Problem statement: Give the lines again exactly as they appear below, from the line with "The menu at" to the line with "Womens Skeletor Says", both included, and only those lines. Leave every picture out.

Records for the exercise:
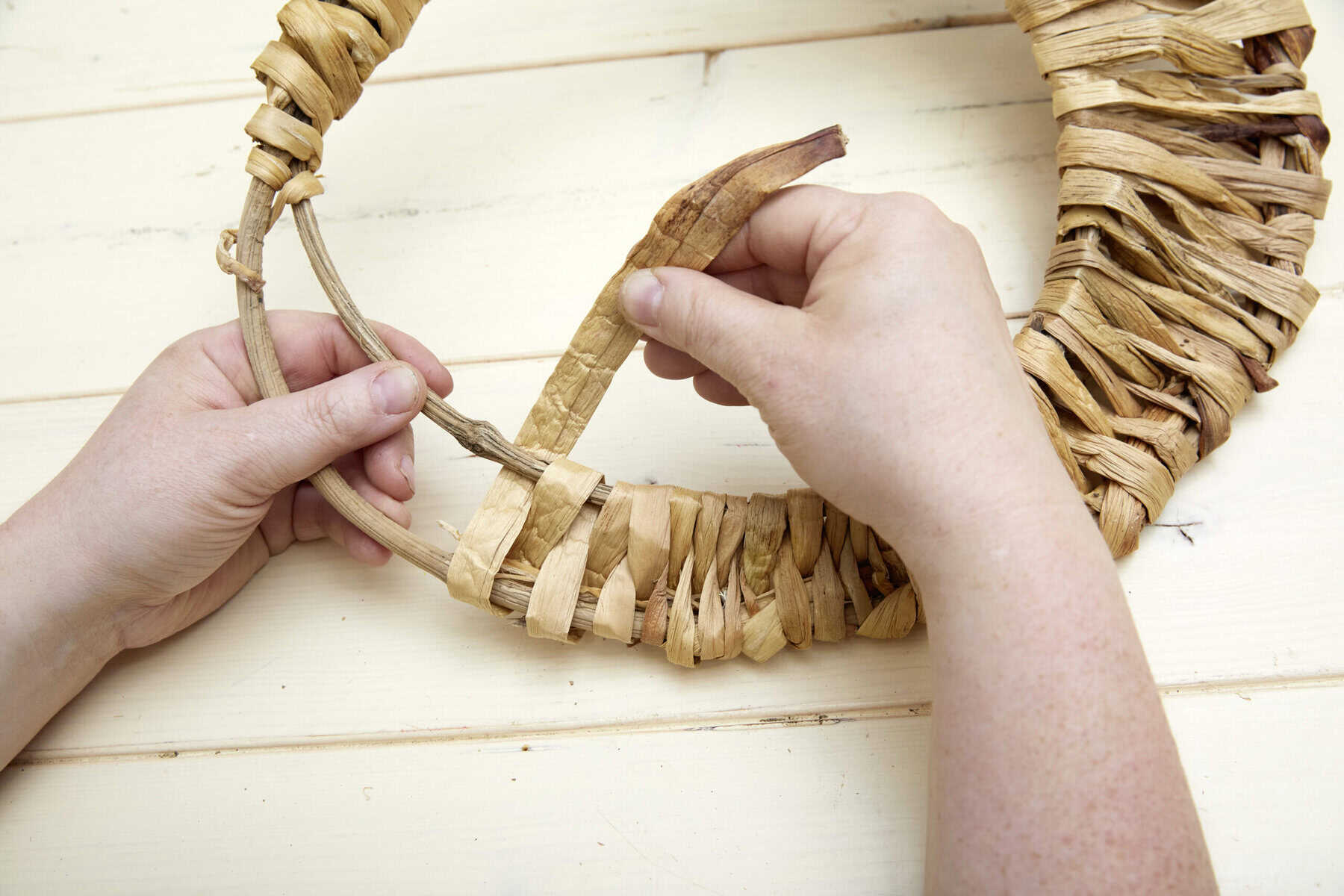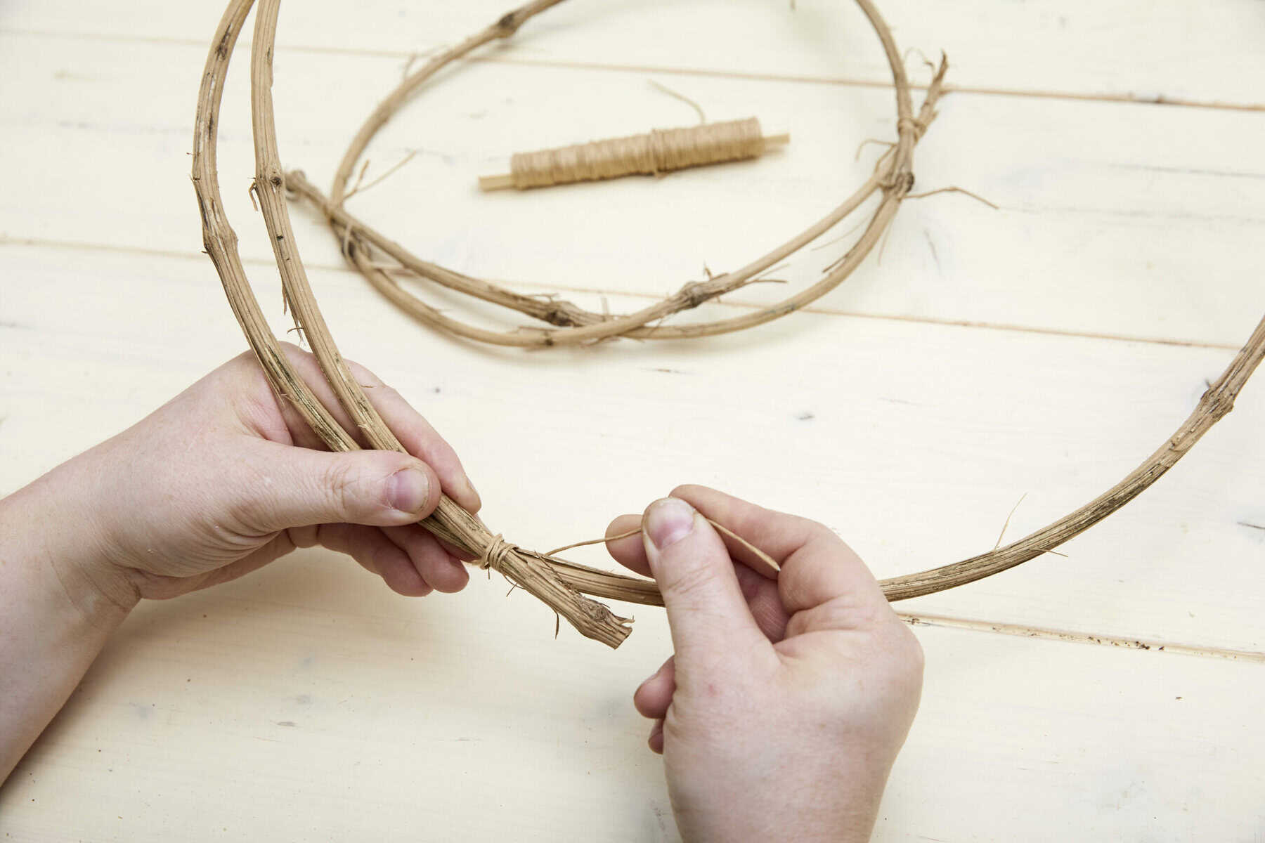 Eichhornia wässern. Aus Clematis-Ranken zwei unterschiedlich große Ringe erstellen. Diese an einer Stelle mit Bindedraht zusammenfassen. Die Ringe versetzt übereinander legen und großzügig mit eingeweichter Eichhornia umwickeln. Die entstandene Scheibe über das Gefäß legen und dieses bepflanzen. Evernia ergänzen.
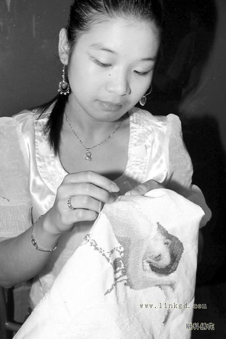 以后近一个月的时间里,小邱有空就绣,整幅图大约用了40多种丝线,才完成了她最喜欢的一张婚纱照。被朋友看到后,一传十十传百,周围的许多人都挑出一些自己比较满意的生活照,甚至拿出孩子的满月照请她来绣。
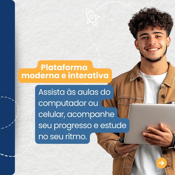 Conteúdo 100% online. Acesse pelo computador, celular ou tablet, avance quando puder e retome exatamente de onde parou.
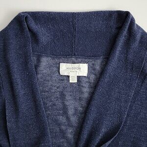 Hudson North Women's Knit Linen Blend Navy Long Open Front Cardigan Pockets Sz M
--
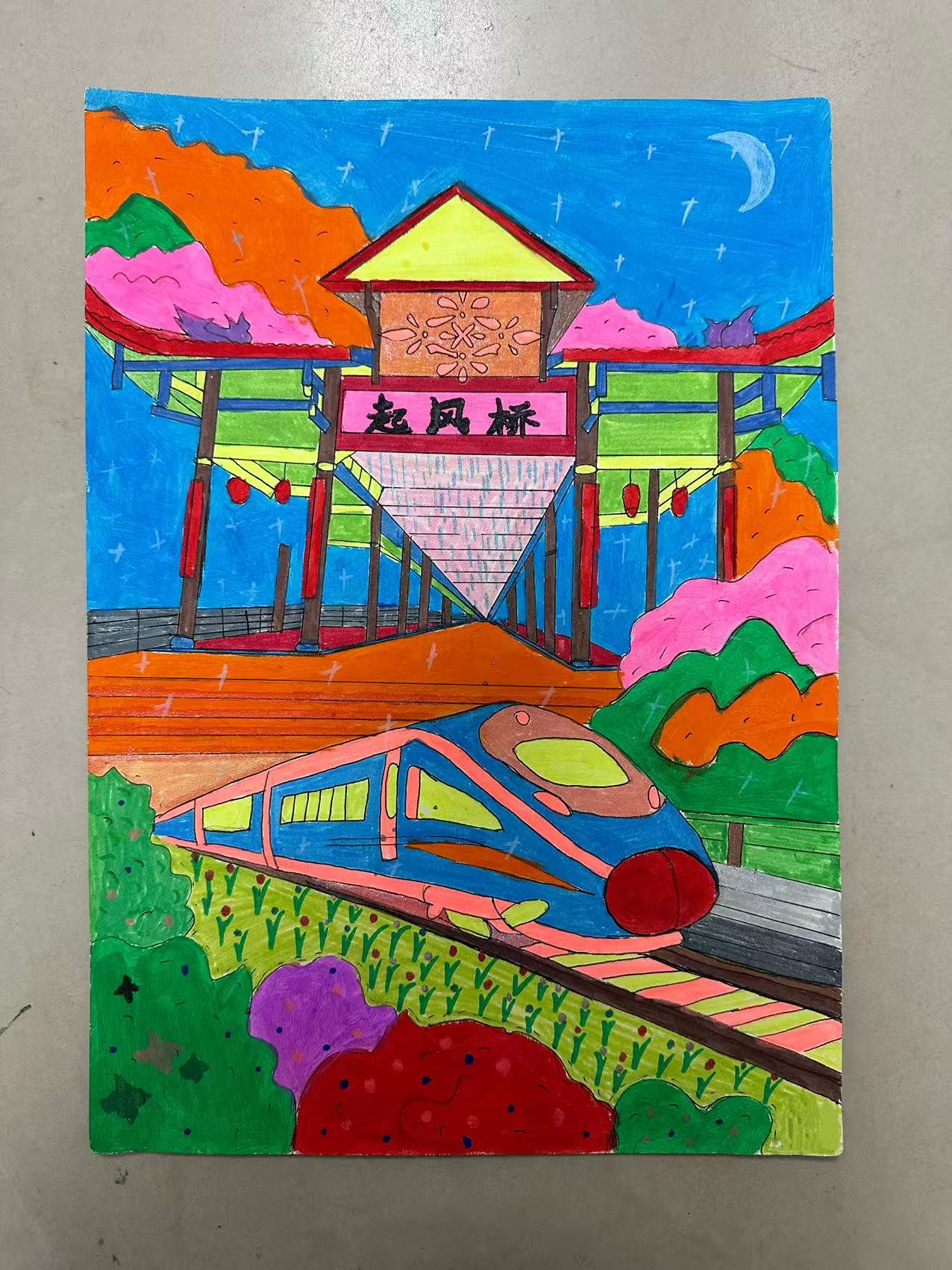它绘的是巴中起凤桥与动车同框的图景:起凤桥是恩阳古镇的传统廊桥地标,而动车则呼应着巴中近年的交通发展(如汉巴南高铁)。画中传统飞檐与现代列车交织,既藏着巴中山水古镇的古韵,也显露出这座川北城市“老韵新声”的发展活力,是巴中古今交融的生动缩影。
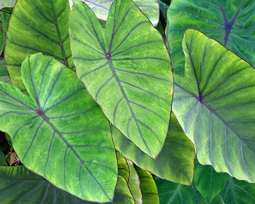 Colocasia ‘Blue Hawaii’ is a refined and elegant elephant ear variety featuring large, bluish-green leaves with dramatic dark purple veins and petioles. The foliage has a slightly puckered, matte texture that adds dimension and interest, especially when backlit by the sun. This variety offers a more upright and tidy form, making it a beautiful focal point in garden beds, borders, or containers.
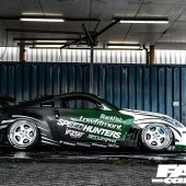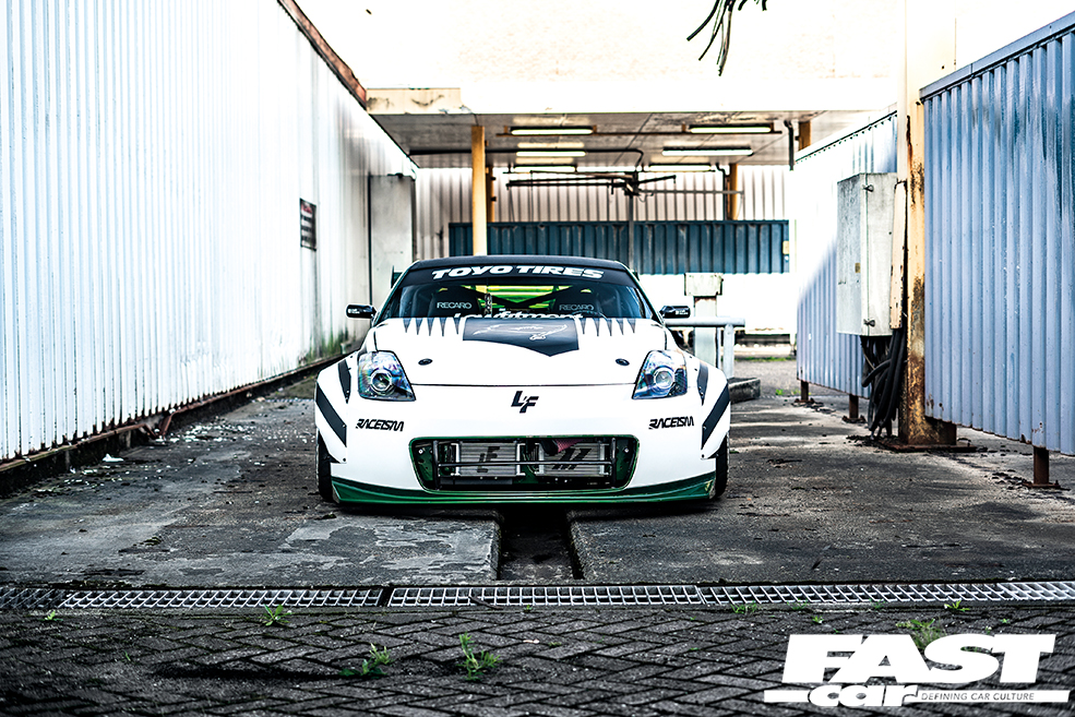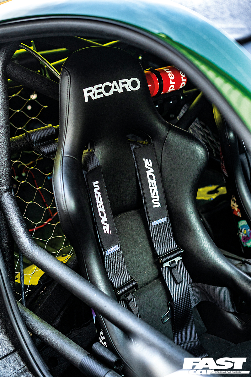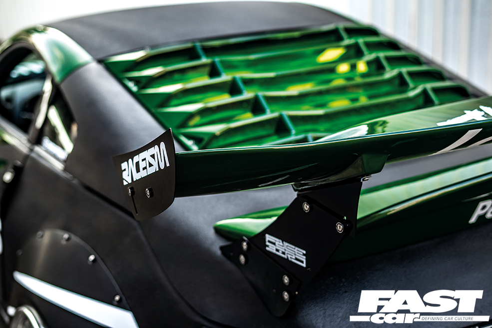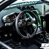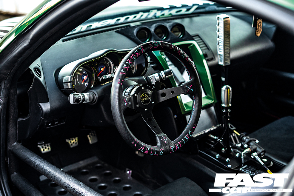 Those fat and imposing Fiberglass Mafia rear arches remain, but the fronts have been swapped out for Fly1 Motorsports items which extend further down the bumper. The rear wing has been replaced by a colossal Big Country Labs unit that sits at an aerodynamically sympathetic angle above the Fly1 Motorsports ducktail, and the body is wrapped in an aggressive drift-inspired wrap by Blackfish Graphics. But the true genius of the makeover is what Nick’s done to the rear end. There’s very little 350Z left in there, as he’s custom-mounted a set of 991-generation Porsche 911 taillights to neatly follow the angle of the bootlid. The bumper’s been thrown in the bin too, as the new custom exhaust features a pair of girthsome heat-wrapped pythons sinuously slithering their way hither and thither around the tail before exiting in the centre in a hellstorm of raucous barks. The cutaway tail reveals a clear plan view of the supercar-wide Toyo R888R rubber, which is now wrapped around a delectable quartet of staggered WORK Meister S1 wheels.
==
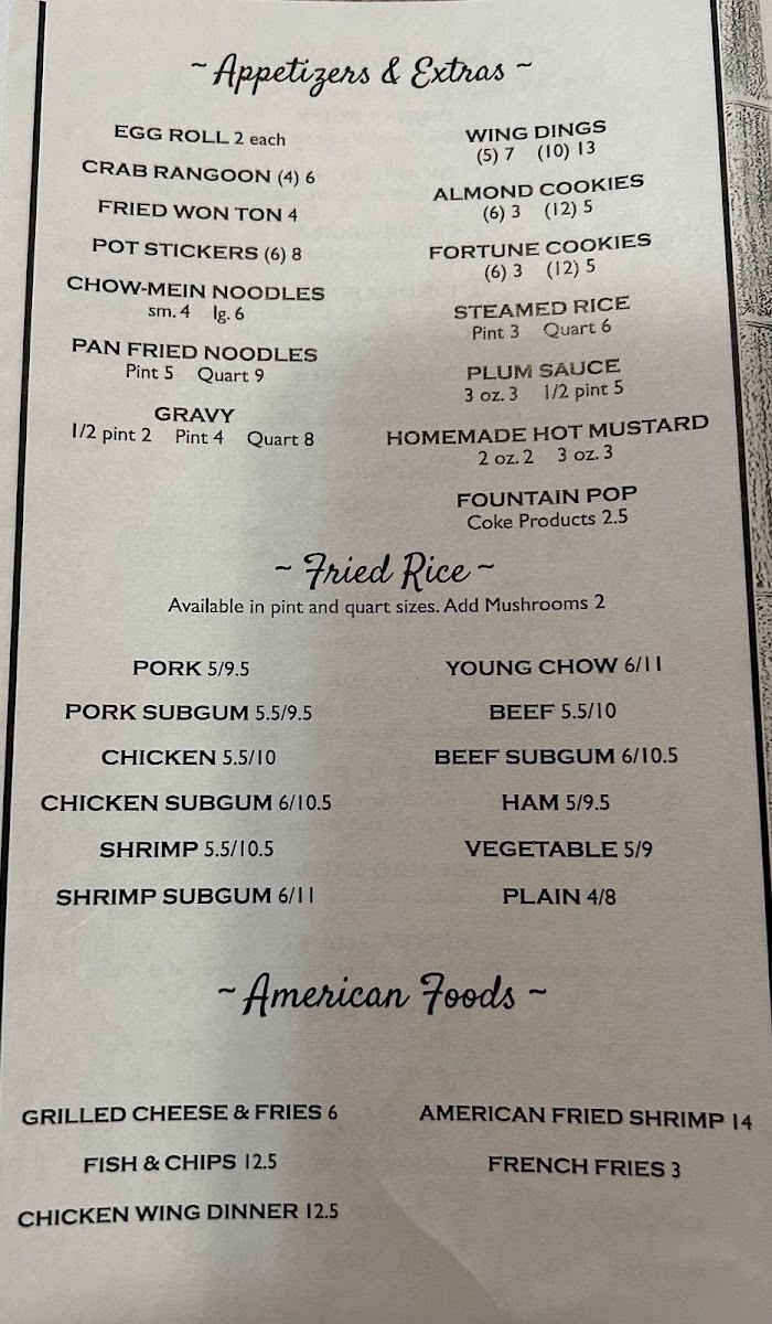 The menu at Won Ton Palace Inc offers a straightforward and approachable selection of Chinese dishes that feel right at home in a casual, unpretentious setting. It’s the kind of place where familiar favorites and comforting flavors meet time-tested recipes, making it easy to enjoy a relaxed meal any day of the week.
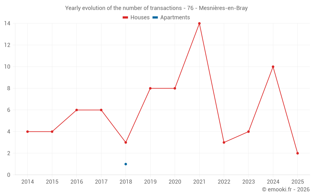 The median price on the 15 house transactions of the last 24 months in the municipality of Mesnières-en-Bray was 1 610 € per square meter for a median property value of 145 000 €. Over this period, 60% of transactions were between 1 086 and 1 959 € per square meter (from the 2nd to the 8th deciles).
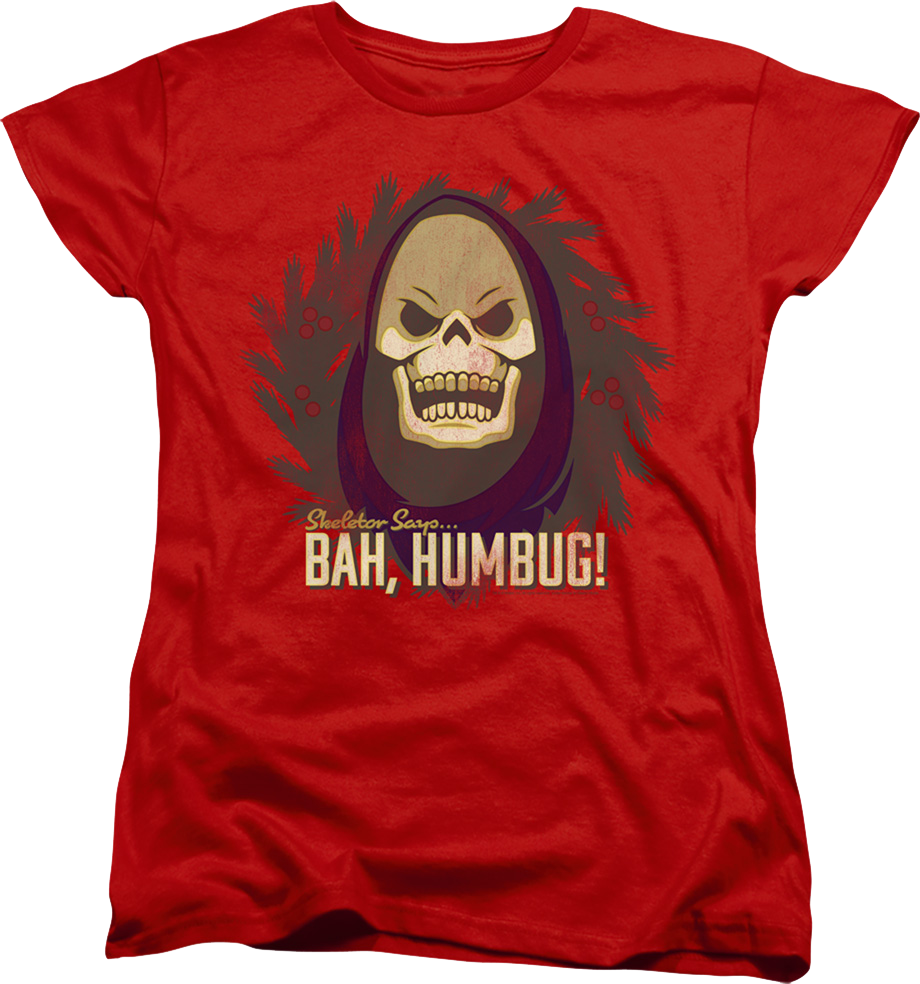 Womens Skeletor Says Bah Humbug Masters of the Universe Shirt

Written reply:
 The menu at Won Ton Palace Inc offers a straightforward and approachable selection of Chinese dishes that feel right at home in a casual, unpretentious setting. It’s the kind of place where familiar favorites and comforting flavors meet time-tested recipes, making it easy to enjoy a relaxed meal any day of the week.
 The median price on the 15 house transactions of the last 24 months in the municipality of Mesnières-en-Bray was 1 610 € per square meter for a median property value of 145 000 €. Over this period, 60% of transactions were between 1 086 and 1 959 € per square meter (from the 2nd to the 8th deciles).
 Womens Skeletor Says Bah Humbug Masters of the Universe Shirt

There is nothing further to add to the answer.